The lookup priority Python applies for obj.attr:

flowchart TB
    A["obj.attr"] --> B{"data descriptor<br/>on the class?"}
    B -- yes --> G["call __get__"]
    B -- no --> C{"attr in instance __dict__?"}
    C -- yes --> R["return that"]
    C -- no --> D{"non-data descriptor<br/>on the class?"}
    D -- yes --> G
    D -- no --> E{"plain class attribute?"}
    E -- yes --> R
    E -- no --> X["AttributeError"]

Data descriptors win over the instance dict; non-data descriptors lose to it. That single rule explains why @property (a data descriptor) cannot be shadowed by an instance attribute, but a plain method (non-data descriptor) can.

35.2 A validating descriptor

Reusable per-attribute validation, the descriptor way:

class Quantity:
    def __set_name__(self, owner, name):
        self.storage_name = name

    def __get__(self, instance, owner=None):
        if instance is None:
            return self
        return instance.__dict__[self.storage_name]

    def __set__(self, instance, value):
        if value > 0:
            instance.__dict__[self.storage_name] = value
        else:
            raise ValueError(f"{self.storage_name} must be > 0")


class LineItem:
    weight = Quantity()
    price = Quantity()

    def __init__(self, description, weight, price):
        self.description = description
        self.weight = weight
        self.price = price
    def subtotal(self):
        return self.weight * self.price

raisins = LineItem("Golden raisins", 10, 6.95)
raisins.subtotal()
69.5
raisins.weight = 0
---------------------------------------------------------------------------
ValueError                                Traceback (most recent call last)
Cell In[2], line 1
----> 1 raisins.weight = 0

Cell In[1], line 14, in Quantity.__set__(self, instance, value)
     10     def __set__(self, instance, value):
     11         if value > 0:
     12             instance.__dict__[self.storage_name] = value
     13         else:
---> 14             raise ValueError(f"{self.storage_name} must be > 0")

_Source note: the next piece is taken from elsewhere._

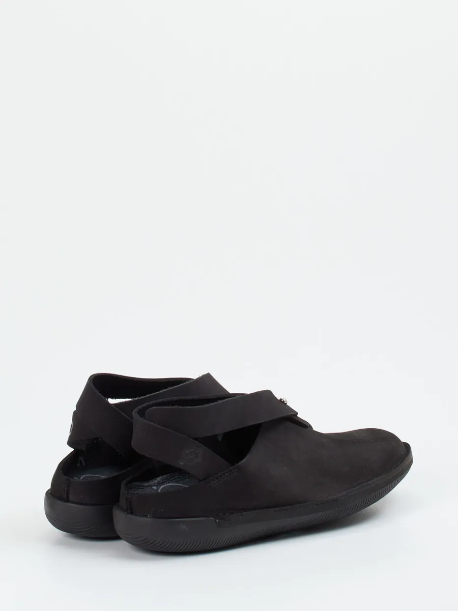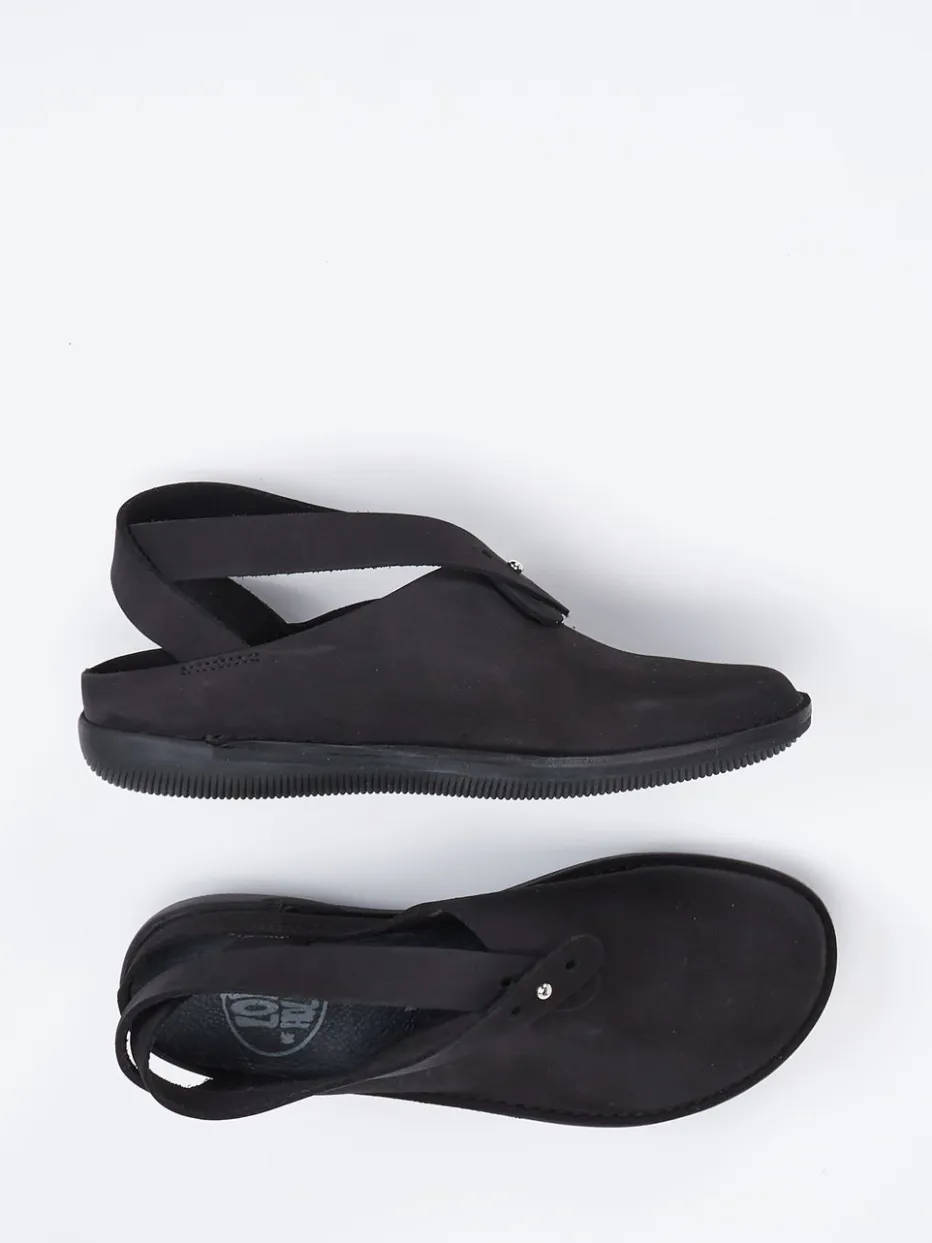 Die unisex Slingback-Clogs sind aus tiefschwarzem Nubukleder gefertigt – samtig angeschliffen und mit mattem Finish. Die geschlossene Silhouette vorne trifft auf eine offene Ferse mit verstellbarem Riemen, der durch einen silberfarbenen Druckknopf akzentuiert wird. Die profilierte Gummisohle sorgt für Trittsicherheit im urbanen Umfeld. Geprägt vom Trend „Quiet Luxury“ überzeugt das Modell mit klarer Formensprache und ergonomischer Passform. Kombiniert mit Baumwollsocken entsteht ein stilvoller Look für zu Hause und Stadtspaziergänge.

ValueError: weight must be > 0

Three pieces fit together:

  • weight = Quantity() creates a descriptor instance and stores it on the class.
  • Python calls Quantity.__set_name__(LineItem, "weight") automatically — that’s how the descriptor learns the attribute’s name.
  • When you do raisins.weight = 10, Python’s attribute machinery sees the descriptor on the class, finds __set__, and calls it with (raisins, 10).

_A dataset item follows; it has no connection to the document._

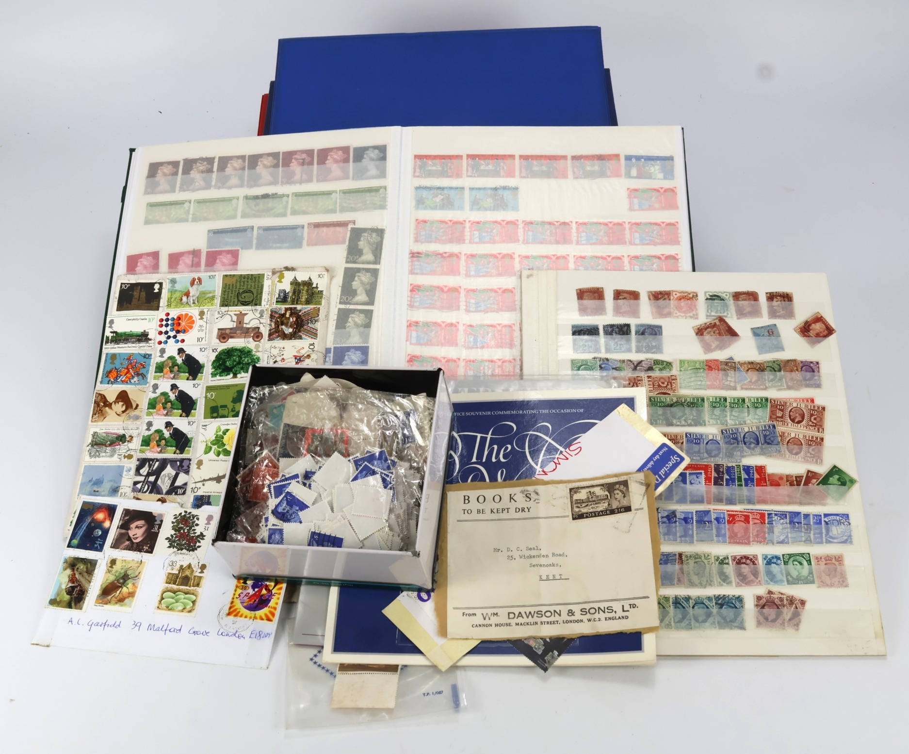 GB - various binders, albums, stockbooks, album pages, stamps in packets, tins and box. Main value in FV. Considerable qty in used QE2 special issues. Hingeless Lighthouse album stamps UM from 1953 QE2 Coronation to 1992 commemoratives / special issues only. Some phosphors from the 1960's noted. Small qty of QV. Wilding sets - Tudor, Graphites and multiple crowns. Much to view (Qty)

The descriptor stores values in the instance’s __dict__ — keyed by storage_name. That keeps each instance’s data separate, which is what you want.

35.3 Overriding versus non-overriding

Here’s the distinction in action. An overriding descriptor (with __set__) wins over the instance dict; a non-overriding one (without __set__) loses to it.

class Overriding:
    def __get__(self, instance, owner=None):
        return "overriding.__get__"
    def __set__(self, instance, value):
        print("overriding.__set__")

class NonOverriding:
    def __get__(self, instance, owner=None):
        return "nonoverriding.__get__"

class Managed:
    over = Overriding()
    non = NonOverriding()

m = Managed()
m.over, m.non
('overriding.__get__', 'nonoverriding.__get__')
m.over = 7
m.over, m.__dict__
overriding.__set__
('overriding.__get__', {})

m.over = 7 ran __set__. The instance dict stayed empty.

m.non = 7
m.non, m.__dict__
(7, {'non': 7})

m.non = 7 updated the instance dict. The descriptor still exists on the class, but now m.non finds 7 in the instance dict first and never consults the descriptor.

@property is always an overriding descriptor — it has both __get__ and __set__. Functions are non-overriding — they have __get__ but not __set__, which is why an instance can shadow a method by setting an attribute with the same name.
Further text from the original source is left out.